Marie Tétrel - Publié le 16 mars 2021
RÉCOMPENSE - Le prix Pritzer récompense le travail du duo d'architectes, qui conçoit depuis plus de 30 ans, de nouveaux espaces abordables à partir de structures existantes.
Le grand prix annuel de l'architecture, le prix Pritzker, l'équivalent du prix Nobel de l'architecture, vient de consacrer pour 2021 la carrière des architectes Anne Lacaton et Jean-Philippe Vassal. Ils succèdent au duo Yvonne Farrell et Shelley McNamara, ainsi qu'à Arata Isozaki.
"Leur travail, qui répond aux urgences climatiques et écologiques de notre temps autant qu'à ses urgences sociales, en particulier dans le domaine du logement urbain, redonne de la vigueur aux espoirs et aux rêves modernistes d'amélioration de la vie du plus grand nombre", estime le jury du prestigieux prix. Le travail d'Anne Lacaton et de Jean-Philippe Vassal reflète l'esprit démocratique de l'architecture, proposant une vision aussi soucieuse de l'environnement qu'humaniste.
L'architecture durable à prix abordable
Pour les architectes français, basés à Montreuil, chaque structure peut être réutilisée, réinventée, optimisée. Là où certains privilégient la destruction pour repartir sur des bases nouvelles, le duo s'applique a composer avec l'existant. Un point d'orgue couplé d'une volonté de concevoir durable à prix abordable, à travers l'utilisation de matériaux économiques et écologiques.
Le projet qui les a fait connaître, la maison Latapie, rénovée en 1993, en est le premier exemple. La bâtisse, aux allures de hangar, cache en son dos une extension en panneaux de polycarbonate. L'espace créé déploie la surface habitable, ouvert sur l'extérieur. Et si on peut leur reprocher que leur architecture ne répond pas forcément à une esthétisme normée, "nous ne recherchons pas une esthétique", explique Jean-Philippe Vassal. "Si les gens à l'intérieur se sentent à l'aise, se sentent heureux, ont la possibilité d'être seuls ou de regarder les nuages, c'est ce moment qui crée l'architecture."
Une architecture de proximité
Autres projets phares : la réhabilitation de grands ensembles sociaux.
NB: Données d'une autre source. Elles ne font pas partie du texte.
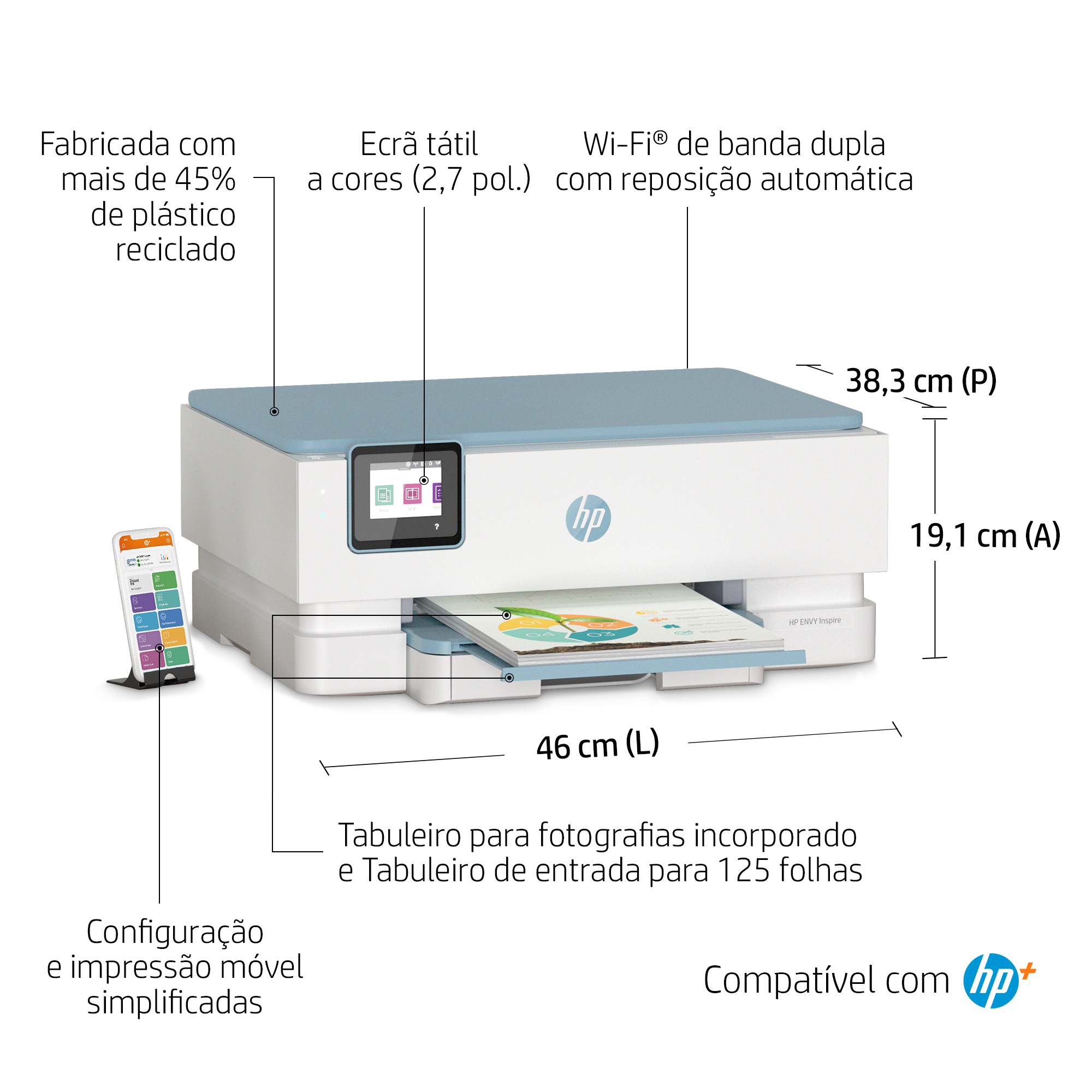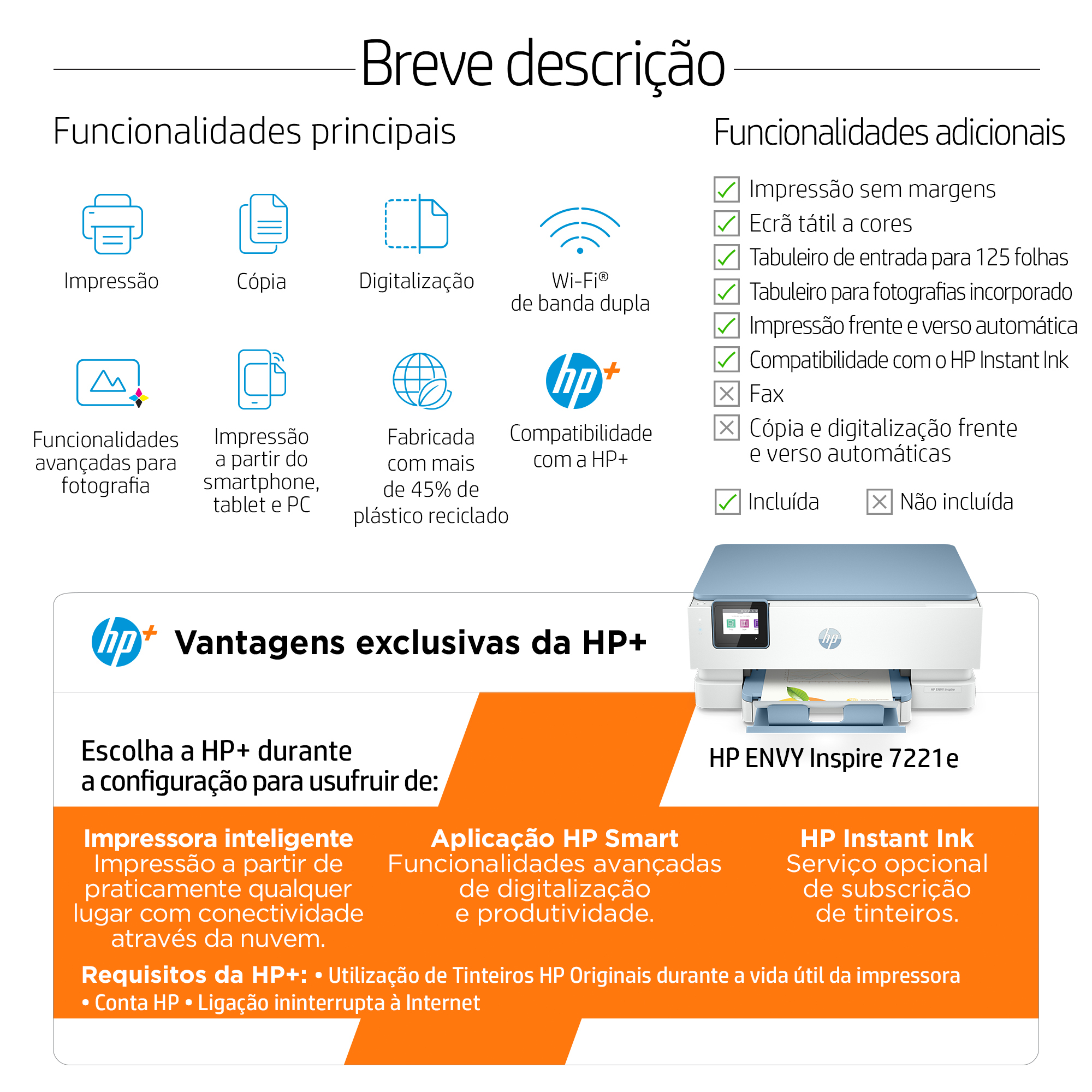 Esta é uma impressora compatível com o HP+. Escolha o HP+ no processo de configuração da impressora para ativar os benefícios/vantagens. O HP+ requer uma conta HP, ligação ininterrupta à Internet e a utilização exclusiva de Tinteiros HP Originais durante a vida útil da impressora. Saiba mais em: http://www.hp.com/plus

Pourquoi dynamiter les barres d'HLM, vestiges de la fin des années 50, quand on peut les transformer ? "C'est tellement violent, tellement affreux d'habiter quelque part depuis 10 ans et soudain de voir disparaître un logement dans lequel un ami, un voisin a existé", explique l'architecte dans un article de nos confrères de FrancetvInfo. "Alors qu'on peut garder les gens-là, et à partir de l'existant, produire des logements que le standard est incapable de produire au même niveau de qualité - en dépensant deux fois moins d'argent."
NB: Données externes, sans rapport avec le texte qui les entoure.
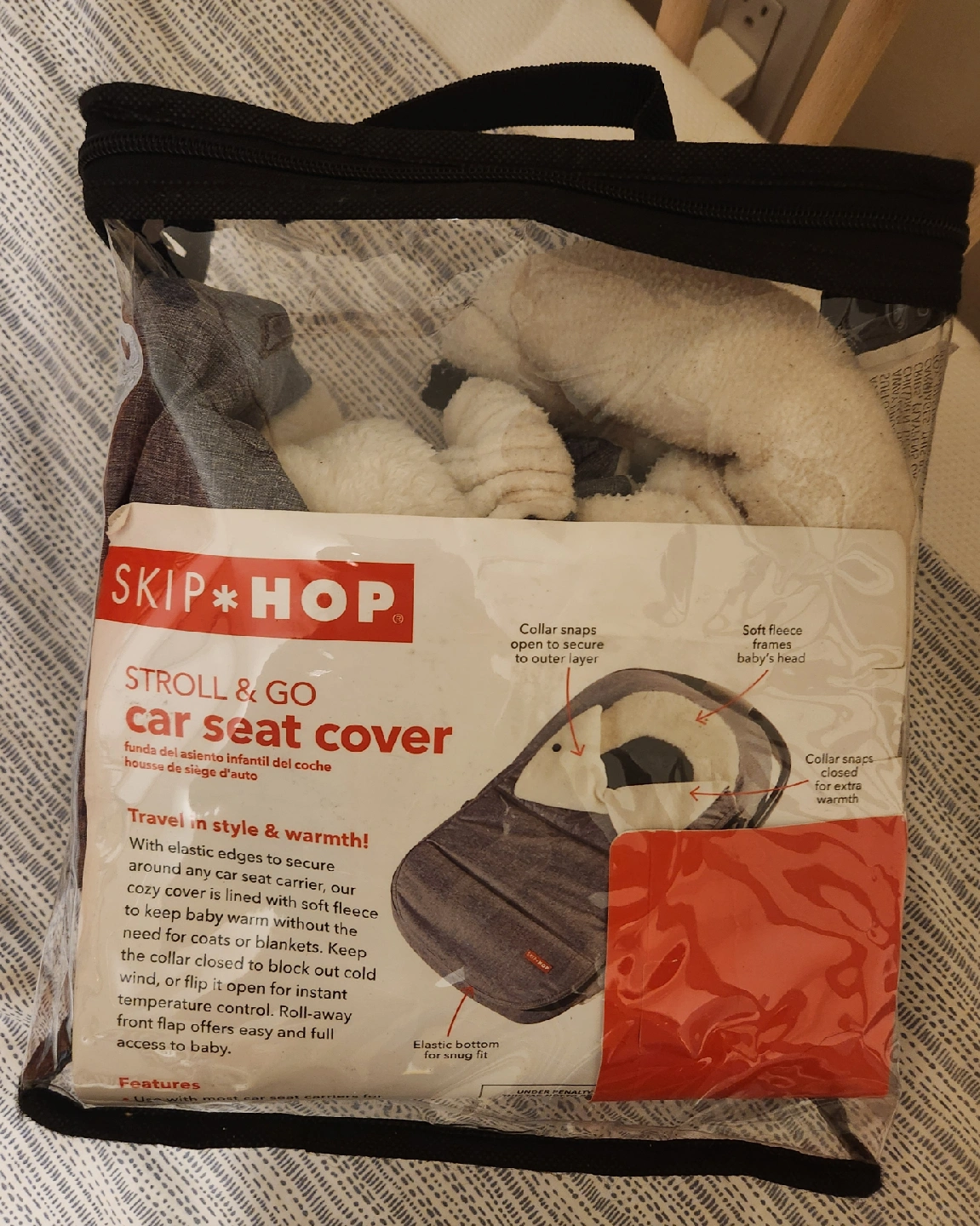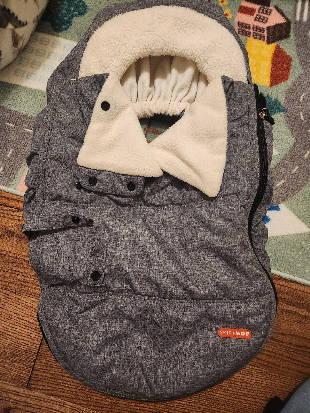 Keep your little one cozy with this Skip Hop Stroll & Go car seat cover! It features elastic edges to secure around any car seat carrier and is lined with soft fleece to keep baby warm without the need for coats or blankets. The collar can be closed to block out cold wind, or flipped open for instant temperature control. The roll-away front flap offers easy and full access to baby.
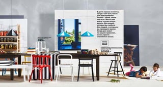 Документ является каталогом товаров IKEA, содержащим информацию о мебели, аксессуарах и ценах на них. Он описывает различные элементы интерьера, идеи для обустройства дома и призывает к экологичному образу жизни, предоставляя советы по экономии ресурсов. Также документация включает интерактивные возможности для пользователей, позволяющие получить дополнительную информацию о товарах через приложение.

Une vision appliquée par exemple en 2011 à la Tour Bois Le Prêtre à Paris, ou en 2017 à la Cité du Grand Parc de Bordeaux. Les petites pièces étriquées, aux fenêtres minuscules, sont transformées en espaces modulables, ouverts sur de nouveaux balcons créés de toutes pièces, dont les grandes baies coulissantes donnent sur la ville. Une démarche confortée par les confinements successifs, durant lesquels on s'est rendu compte de l'importance d'intérieurs réconfortants.
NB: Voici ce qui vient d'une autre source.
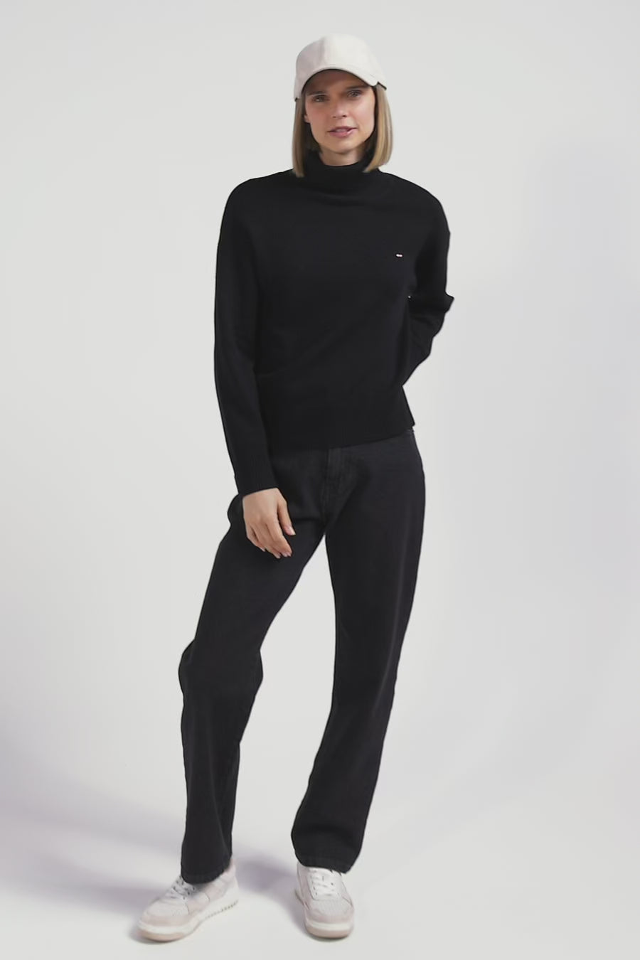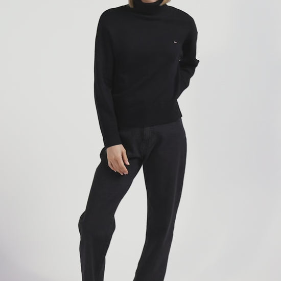 This plain turtleneck sweater, designed in a comfortable blend of natural fibers combining 55% wool and 45% cotton, combines warmth and softness. Featuring ribbed edges for a neat finish and perfect fit, this feminine, slightly loose-fitting sweater is adorned with Eden Park's signature discreet bow-tie embroidery. Available in six timeless colors, this soft turtleneck sweater is ideal for enhancing your winter wardrobe with elegance and simplicity.
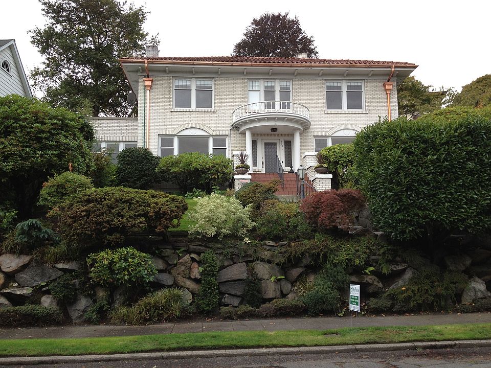At last! Homes like this beauty are the reason people choose the understated elegance of Mount Baker. Set high on one of the most coveted streets, this stunning 1924 center-hall, renaissance-style home has the spacious grandeur and classic details of a larger estate, yet is perfectly proportioned and updated for today's busy lifestyle. Sweeping 180-degree views of Lake Washington stretch uninterrupted from Mt. Rainier to Mt. Baker. As you ascend the winding staircase, a canopy of Rhododendron opens to abundant gardens. The lush, layered landscaping is carefully designed to provide optimal beauty and privacy for this unique street-to-street property. Past the classic portico entrance, step inside and notice the sunlight. It's everywhere. Gorgeous, tall, leaded-glass French windows line every room and fill the entire house with sunshine and airy lightness. The impressive grand entry, with central staircase and wainscoting, stands at the center of the circular floor plan, while inlaid wood floors complement the finely-designed details throughout the house. The expansive formal living room, with Batchelder-tiled fireplace, spans the width of the home and has large, triptych-style windows on both sides. The south and east facing Sunroom, with wall-to-wall wrap-around windows, has been used for everything from a quiet reading retreat to a dazzling martini room for party guests - and everything in between. The wainscoted, formal dining room has a beautiful simplicity and symmetry, and with the kitchen just steps beyond, it feels right for any size gathering - whether it's just family or a large dinner party. The bright and beautifully updated kitchen features granite countertops, stainless steel appliances, and an adorable, 3-sided breakfast nook wrapped in windows and large enough for friends - definitely "Sunday brunch" worthy! Rounding out the main level is an exquisite powder room bathed in Carrera tile, intricate marble flooring, and a pedestal sink with black granite countertop and crystal legs. . Upstairs, the east-facing master suite is fronted by windows and has gorgeous views of Lake Washington, Andrews Bay, and the Bellevue skyline. A large, private dressing room with built-in closets also has large windows, beautiful lake views, and a Juliet balcony. A smaller dressing area, featuring built-ins and a view window, leads to the master bath with original period tile, a deep tub, original millwork, and pedestal sink. The second bedroom also has large windows with beautiful views, but as incredible as the view seemed from inside, once you walk out the side French door, your huge, private, outdoor deck provides a panorama of lake and mountain views as far as the eye can see. The third bedroom has big windows with pretty, west-facing views. The second floor bathroom has original period tile, pedestal sink, and original millwork. The massive, full-height lower level has beautiful, large, sun-filled windows and extensive wainscoting, millwork, and built-ins. There is a large media room with fireplace, guest quarters, a large laundry/utility room, and endless storage. Don't miss the unassuming door that leads to a full-height underground tunnel - that leads to a staircase - that descends into a cavernous, L-Shaped underground garage with plenty of space for two cars, every project imaginable, and again, endless storage. A garage door provides access to the street. The back of the property has a beautiful staircase that winds through a grassy knoll and ends at a lovely back portico with traditional entrance. Slate paths, carefully selected ornamental trees and shrubs, delightful plantings, and side fencing provide privacy and beautifully finish this rare property.
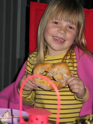 María með sykurkringlu sem hún er sannfærð um að Abbi úr Maddittarbókunum hafi bakað!
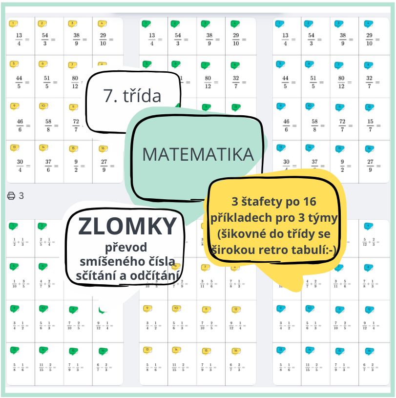 Štafety jsou 3: převod nepravého zlomku na smíšené číslo, převod smíšeného čísla na nepravý zlomek, sčítání a odčítání zlomků.
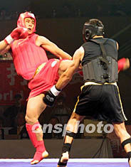 首屆世界杯武術散打賽二十五日在上海盧灣體育館拉開戰幕,中國“散打王”柳海龍首輪以二比一艱難戰勝俄羅斯選手阿土爾,晉級下一輪。圖為中國“散打王”柳海龍(紅方)在比賽中。作者:湯彥俊
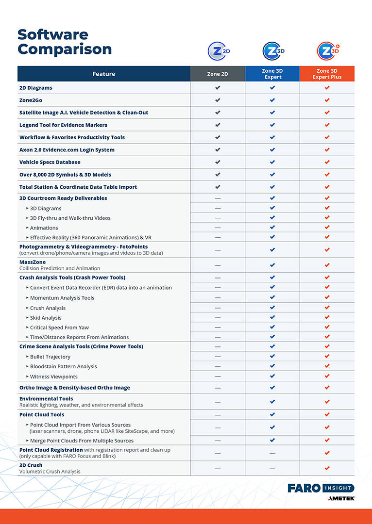 The software comparison chart below details the features associated with the Faro Zone 2025 suite.
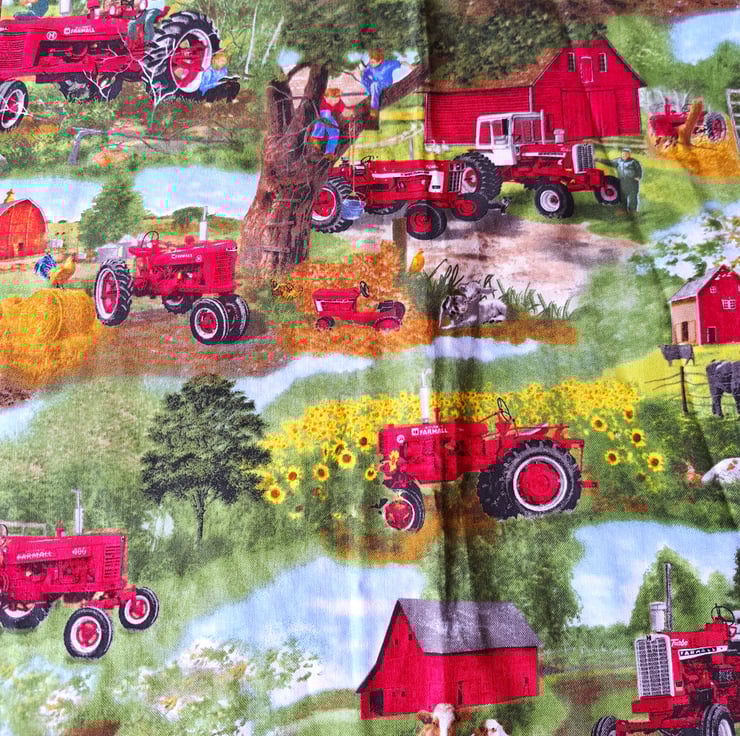 This lovely colourful apron has American farm scenes, depicting red tractors and children playing among the trees. The tractors may not appear in the same positions as in the photo. It is 100% good quality cotton, with generous acrylic herringbone straps and can be machine washed. It is 27.5" (70 cm.) from neck to hem and 18" (46 cm.) at the widest point and will fit a child from about ten to a small adult. A great gift for a young man who enjoys cooking!

Par sa récompense, Anne Lacaton devient la sixième femme à figurer au palmarès de ce prix longtemps exclusivement masculin. Une petite victoire dans le monde de l'architecture, mais bien peu suffisante pour mettre en avant les professionnelles du secteur selon Catherine Guyot, présidente de l'association Women In Architecture.